Given the uncertain outlook, Airbus won’t ramp up aircraft deliveries this year. The company said it expected to deliver 566 aircraft on back order from airline companies, the same number as last year.
It maintained its forecast for an underlying operating profit of two billion euros for the year.
Stocks on Wall Street jumped on Thursday amid indications that the economy is moving toward a recovery to prepandemic levels.
The Commerce Department reported Thursday that the U.S. economy expanded 1.6 percent in the first three months of 2021, compared with 1.1 percent in the final quarter last year, or 6.4 percent on an annualized basis.
A day earlier, the Federal Reserve said that the outlook was improving and that it would continue to provide substantial monetary support, easing investors’ concerns that it would soon start easing the stimulus efforts it launched a year ago when the Covid-19 crisis forced a near shutdown of many parts of the economy.
“While the level of new cases remains concerning,” Jerome H. Powell, the Federal Reserve chair, said, “continued vaccinations should allow for a return to more normal economic conditions later this year.” The central bank kept interest rates near zero and said it would continue buying bonds at a steady clip.
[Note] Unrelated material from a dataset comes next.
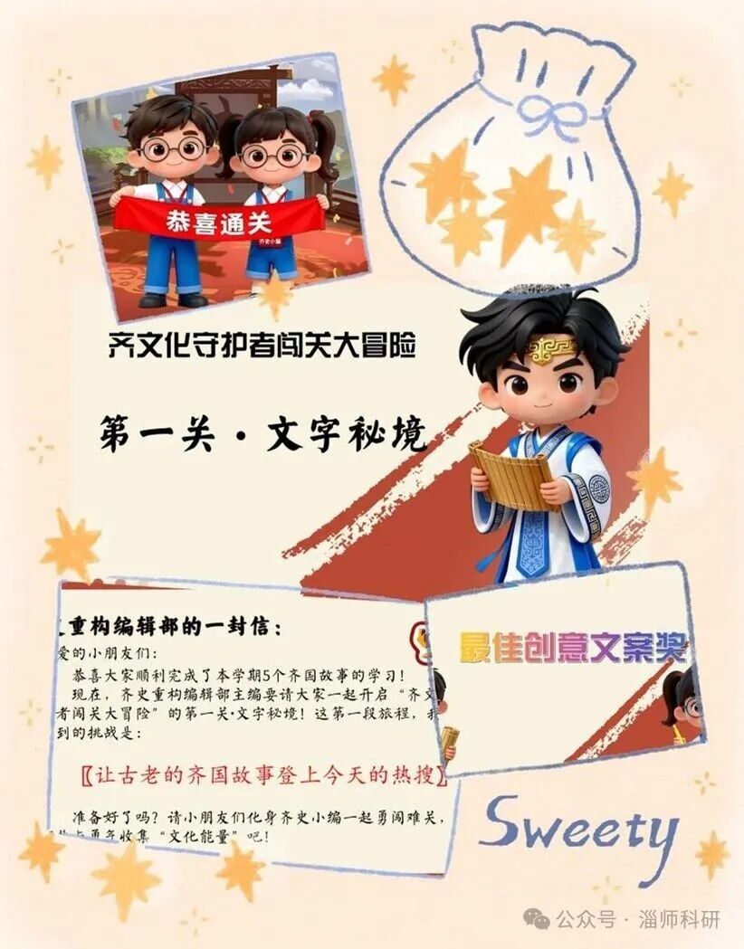为实现“深化故事内涵、活化传统文化”的双目标导向,志愿服务队依托项目式学习理念,创设了“齐史编辑部”沉浸式教学情境。通过“总编”引导回顾与“小编”闯关探究的双重角色扮演,有效赋能学生,使其在趣味任务中深化对《邹忌讽齐王纳谏》等经典的理解。

The S&P 500 rose 0.7 percent. Market sentiment continued to rise after President Biden detailed more of his spending plans — which total $4 trillion — to fund expanded access to education and reduce the cost of child care, among other things. The Nasdaq composite gained 0.2 percent.
Oil prices rose. Futures of West Texas Intermediate, the U.S. benchmark, climbed 1.8 percent to $65 a barrel.
The Stoxx Europe 600 fell 0.3 percent.
Facebook shares rose 7.3 percent after the company said on Wednesday that profit nearly doubled to $9.5 billion in the first quarter as advertising revenue and user numbers increased.
Apple shares fell 0.1 percent even as the iPhone maker’s profit more than doubled to $23.6 billion in the first quarter. The company also said it would buy back $90 billion of its own stock, part of its continued program to return much of its earnings to shareholders.
Qualcomm, which makes chips for smartphones, rose 4.5 percent after the company said its revenue increased 52 percent in the first three months of the year compared with the previous year.
Airbus shares rose 0.7 percent after the French plane maker said it had returned to a profit in the first quarter following a 1.1 billion euro loss last year. But the company’s chief executive added that the crisis was not over for the industry.